# PROBLEM
Every line of the material is to be transcribed verbatim, with images omitted.

# DATA EXCERPT
------------------------------------------------------------------------
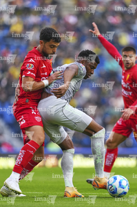 Ciudad de México, 31 de enero de 2026. Alexis Peña y Víctor Dávila, durante el partido correspondiente a la jornada 4 del torneo Clausura 2026 de la Liga BBVA MX, entre las Águilas del América y los Rayos del Necaxa, realizado en el estadio Ciudad de los Deportes. Foto: Imago7/ Diego Padilla
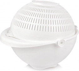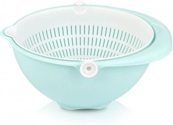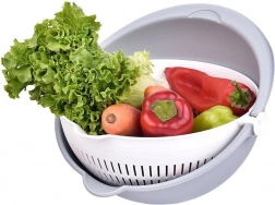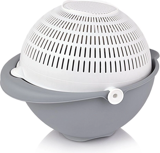 Oplev en smart løsning til daglige køkkenopgaver. Den drejebare si placeret i skålen muliggør hurtig skylning og afløb uden at skulle hælde ingredienserne over. Ved hældning forbliver sien vandret, så indholdet er sikkert, og vandet løber ned i yder skålen.
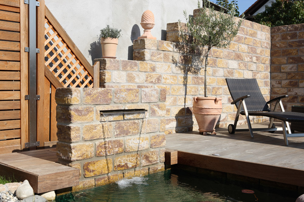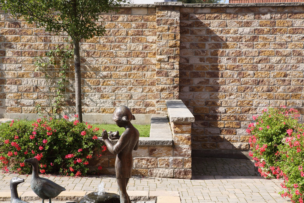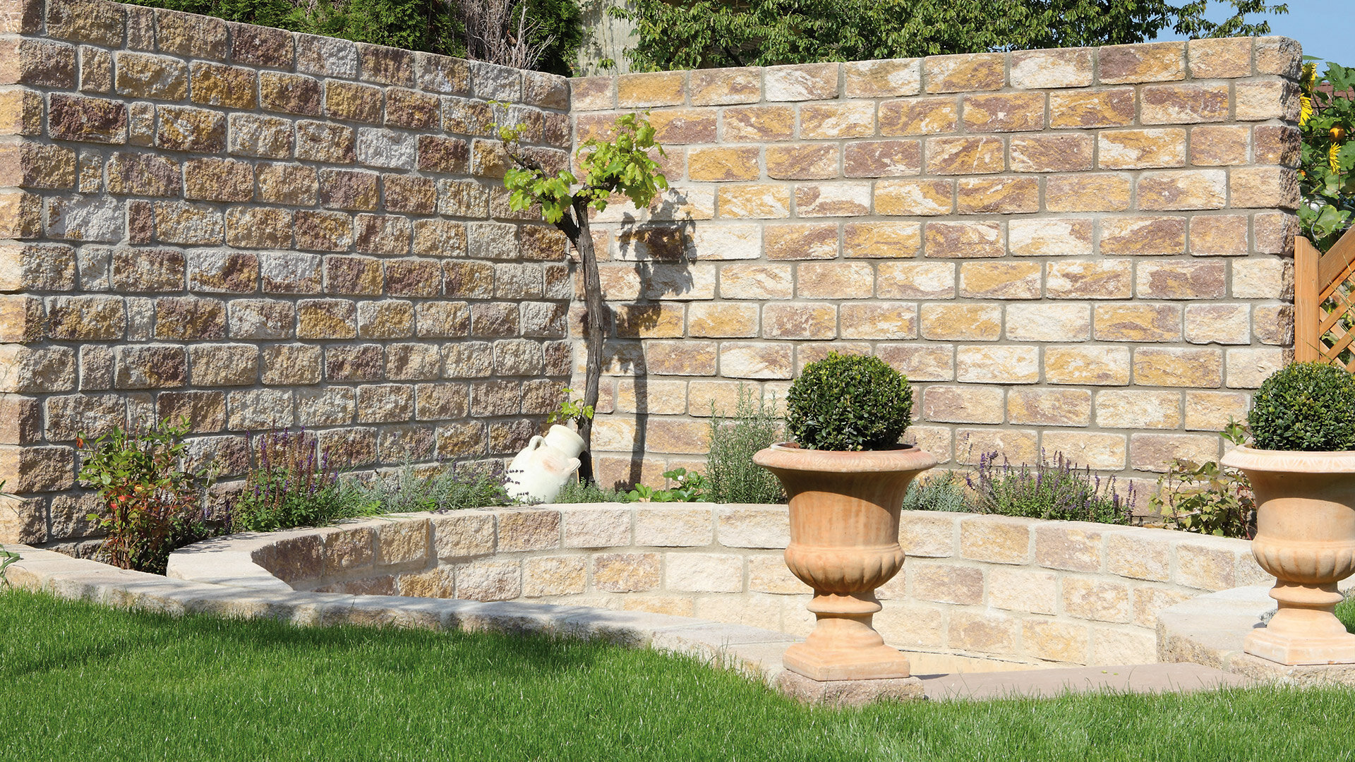 - Endsteine und Abdeckplatten für seitlichen und oberen Mauerabschluss
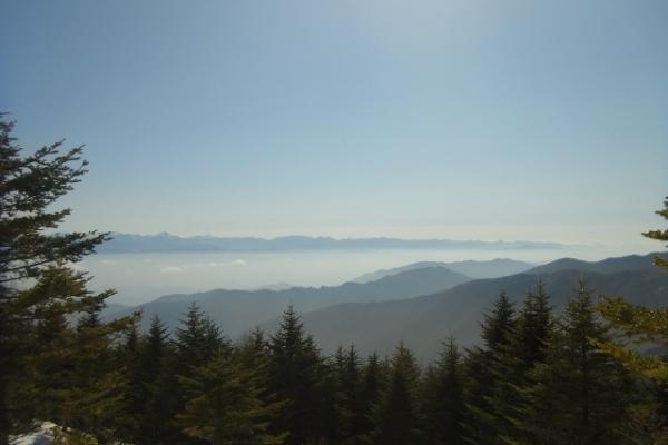 遠くから見ると山頂まで木で覆われているため、展望は期待できないかなと思っていましたが、尾根にでると中央アルプスから南アルプス、遠くには八ヶ岳まで見渡せました。
------------------------------------------------------------------------
# EXPECTED ANSWER
 Ciudad de México, 31 de enero de 2026. Alexis Peña y Víctor Dávila, durante el partido correspondiente a la jornada 4 del torneo Clausura 2026 de la Liga BBVA MX, entre las Águilas del América y los Rayos del Necaxa, realizado en el estadio Ciudad de los Deportes. Foto: Imago7/ Diego Padilla
 Oplev en smart løsning til daglige køkkenopgaver. Den drejebare si placeret i skålen muliggør hurtig skylning og afløb uden at skulle hælde ingredienserne over. Ved hældning forbliver sien vandret, så indholdet er sikkert, og vandet løber ned i yder skålen.
 - Endsteine und Abdeckplatten für seitlichen und oberen Mauerabschluss
 遠くから見ると山頂まで木で覆われているため、展望は期待できないかなと思っていましたが、尾根にでると中央アルプスから南アルプス、遠くには八ヶ岳まで見渡せました。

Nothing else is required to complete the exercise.